На юге хозяин квартиры, которую мы снимали, каждый раз вздыхал, когда видел ее, — ах, какая горячая, копченая. Ей не было и тридцати.

Она любила загорать. Приезжала в деревню, к бабушке, и лежала в саду. Одеяло, подушка, солнце. «Не мешайте, не загораживайте солнце», — говорила она мне и двоюродной сестре Наташе. Но мы загораживали, обступали ее со всех сторон, лежать на солнце долго мы не могли. Она прогоняла нас к мелкой речке, на дне которой круглые камни блестели, как рыбки. Мы ходили по дну и искали среди каменного одноцветья — редкий цветной, драгоценный, волшебёэЁный. Речка лежала в тени ивы, на наши плечи, руки слетались комары, и мы, не отыскав магического камня, возвращались обратно. Алька по-прежнему лежала, читала что-то, вокруг нее — дремотная тишина.

— У вас ноги грязные, не наступайте на одеяло, — сердилась она, но мы не обижались, садились на траву и рассматривали укусы, вспухшие розовыми поцелуями на руках.

Так она лежала, засыпала, мы разговаривали с сестрой шепотом, ходили по саду на цыпочках и в конце концов убегали в дом.

Она приезжала в субботу, на первом автобусе. Бабушка говорила — я вам скажу, когда встречать. Но мы не ждали бабушкиного предупреждения и стояли на своем посту, у подножия горы, с самого утра. Ждать было скучно, поэтому мы устанавливали дежурство. По очереди бегали в сад есть вишню, по очереди катались на качелях. Мы загадывали — розовое или голубое. Два ее любимых платья. И радовались, когда угадывали. Голубое. Розовое. Наконец, она спускалась с огромными сумками в руках, мы выбегали навстречу с криками — Алька, Алька приехала!

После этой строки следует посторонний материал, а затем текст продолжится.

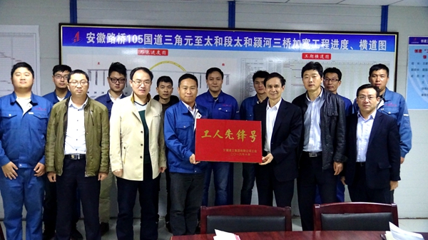10月25日下午,集團(tuán)公司工會(huì)副主席吳曉伍一行在公司工會(huì)主席楊建強(qiáng)的陪同下,來到太和三橋項(xiàng)目,對該項(xiàng)目創(chuàng)建“工人先鋒號(hào)”工程進(jìn)行驗(yàn)收。驗(yàn)收通過后,被授予“工人先鋒號(hào)”稱號(hào)。

Бабушка ждала ее в доме. Встречала сдержанно, без объятий и поцелуев.

Но внешняя холодность их отношений была скорее рамкой для безграничной внутренней любви.

После первых радостных минут она переодевалась в старое платье, шла за водой к колодцу, мыла полы. Мы тихо сидели в комнате с предварительно вымытыми ногами и смотрели на ее руки и тряпку из старого махрового халата, стиравшую с половиц сухую темную тень, и они становились светлыми, сливочными.

В деревне она становилась грозной хозяйкой, стерегла бабушкино спокойствие. Не ходите грязными ногами по дому, не хлопайте дверью, разговаривайте шепотом, не бегайте, не крошите на пол печенье, не рыскайте в шкафах.

Но мы всё равно вились за ней следом повсюду. Она на кухню — и мы на кухню, она в сад — и мы в сад. Так проходил день.

А вечером сидели на крыльце, темнело, мы грызли семечки, разговаривали. Вот о чем? Вспомнить бы.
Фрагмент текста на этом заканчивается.